DATA EXCERPTS Block Start

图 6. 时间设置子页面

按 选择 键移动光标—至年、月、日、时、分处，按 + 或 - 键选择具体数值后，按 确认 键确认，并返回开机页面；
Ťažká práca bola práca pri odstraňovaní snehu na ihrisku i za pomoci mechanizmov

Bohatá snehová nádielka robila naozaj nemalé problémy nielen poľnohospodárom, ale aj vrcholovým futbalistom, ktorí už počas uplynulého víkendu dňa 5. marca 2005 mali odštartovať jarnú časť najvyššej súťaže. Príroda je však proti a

DATA EXCERPTS Block End
DATA EXCERPTS Block Start

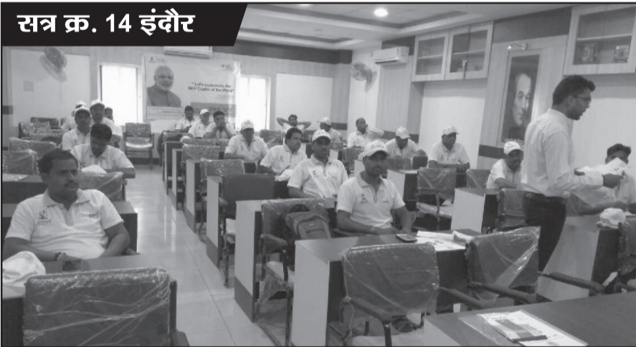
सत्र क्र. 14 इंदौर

DATA EXCERPTS Block End
DATA EXCERPTS Block Start

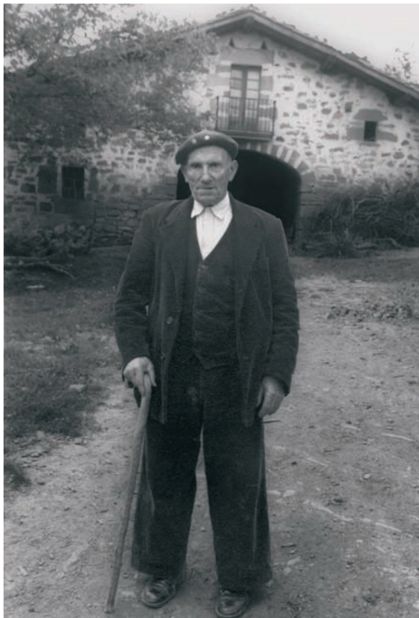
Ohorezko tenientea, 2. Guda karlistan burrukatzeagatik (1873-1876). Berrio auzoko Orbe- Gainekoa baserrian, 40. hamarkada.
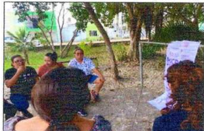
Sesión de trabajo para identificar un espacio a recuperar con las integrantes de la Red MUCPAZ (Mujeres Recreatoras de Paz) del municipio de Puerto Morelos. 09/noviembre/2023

DATA EXCERPTS Block End

*WORK ITEM*:
All that is wanted is the lines above between the one containing "Ohorezko tenientea, 2." and the one containing "Sesión de trabajo", inclusive, restated word for word, with pictures omitted.

*SOLUTION TO THIS TASK*:
Ohorezko tenientea, 2. Guda karlistan burrukatzeagatik (1873-1876). Berrio auzoko Orbe- Gainekoa baserrian, 40. hamarkada.
Sesión de trabajo para identificar un espacio a recuperar con las integrantes de la Red MUCPAZ (Mujeres Recreatoras de Paz) del municipio de Puerto Morelos. 09/noviembre/2023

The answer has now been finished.